The inclusion of D.R. Horton, one of the largest homebuilders in the country, for repeated safety violations and hazardous construction jobsite conditions is also notable. Large general contractors set the tone on jobsite safety culture. When the GC at the top of a project hierarchy is cutting corners, that pressure filters down through every subcontractor and crew on site.
Martinez’s comment about subcontracting chains deserves attention from anyone running a field service company. The structure she describes, where accountability is diffused across layers of contracts until “nobody takes responsibility,” is a well-documented feature of how large projects are organized in oil and gas, construction, and infrastructure. It often benefits the prime contractor or asset owner. It rarely benefits the subcontractor when something goes wrong.
What It Means for Subcontractors
- Document everything. With federal enforcement weakened, subcontractors are more exposed to being the party that absorbs liability when an incident occurs on a multi-tier project. Thorough safety records and sign-off procedures are your best protection.
- Don’t rely on GC programs alone. Several companies on the Dirty Dozen list are large, well-resourced organizations. Size and brand name do not equal a strong safety culture. Run your own pre-task planning and hazard assessments regardless of what the prime contractor’s program looks like.

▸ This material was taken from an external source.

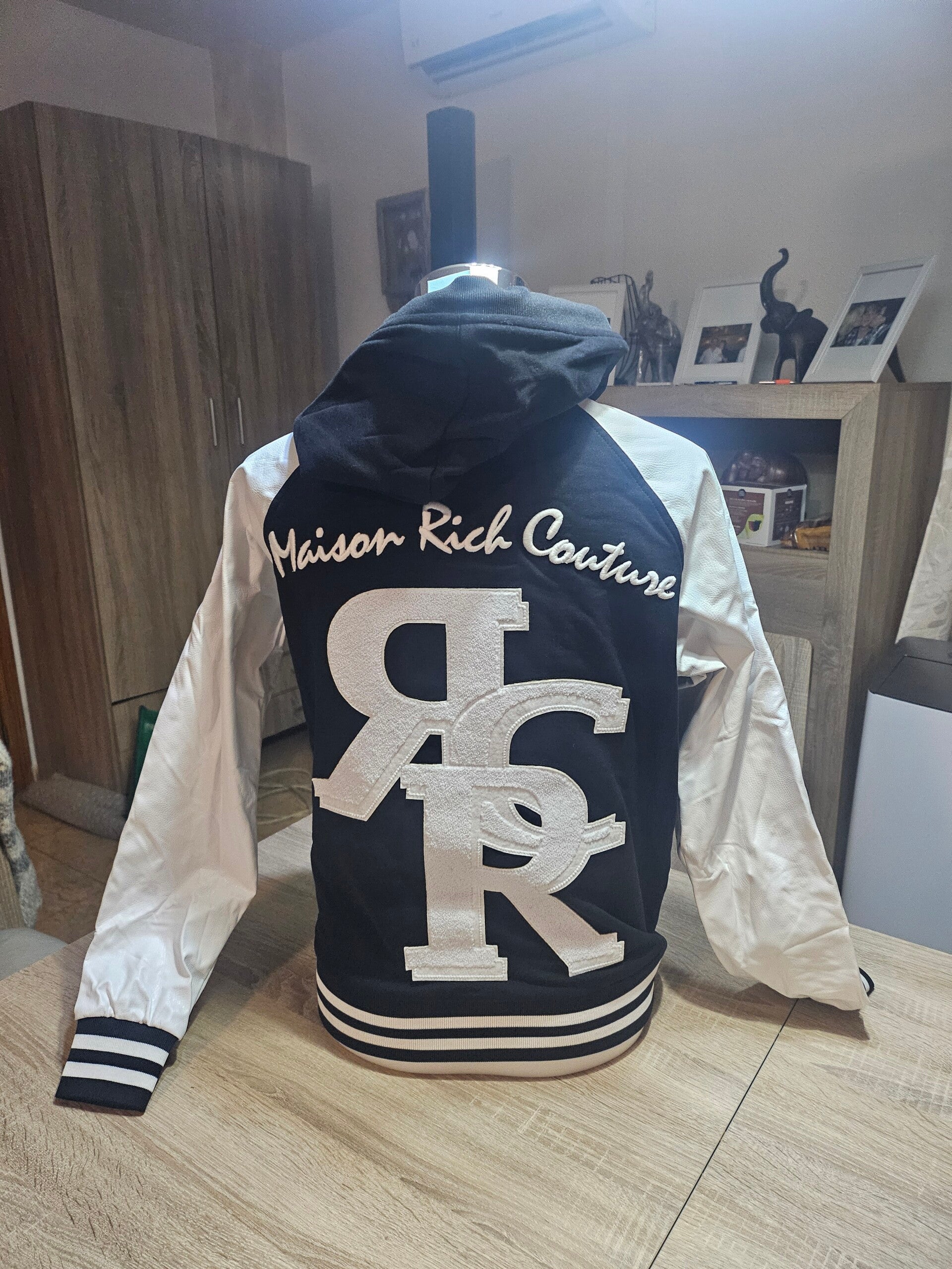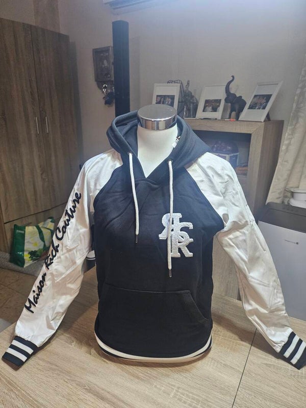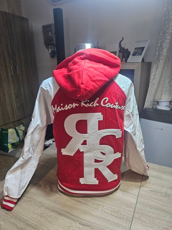 - Varsity-stijl: Mode-items met grote letters (zoals de "R" op deze hoodie) worden vaak geassocieerd met merken als rich! Couture

- Silica and heat are enforcement targets even in a low-penalty environment. Both appear repeatedly on the 2026 list. OSHA’s silica standard and ongoing heat-related rulemaking remain active areas of scrutiny. Subcontractors in drilling, cutting, or outdoor operations should treat these as live compliance risks.
- Watch trenching closely. Revoli Construction’s appearance on the list for decades of trenching violations that ended fatally is a reminder that this hazard is unforgiving. Competent person requirements, daily inspections, and proper shoring or sloping are non-negotiable.
- Understand your exposure in temp and subcontract structures. Martinez’s warning about accountability gaps in subcontracting chains applies directly to how many field service arrangements are structured. Know your contract language and what safety obligations you are accepting.
- A drop in penalties is not a drop in risk. The 47% decline in federal OSHA penalties changes what might happen after an incident, but it doesn’t change what causes one. Workers are still getting hurt in the same ways, at the same types of sites. Compliance posture should be driven by actual hazard exposure, not by the current enforcement climate.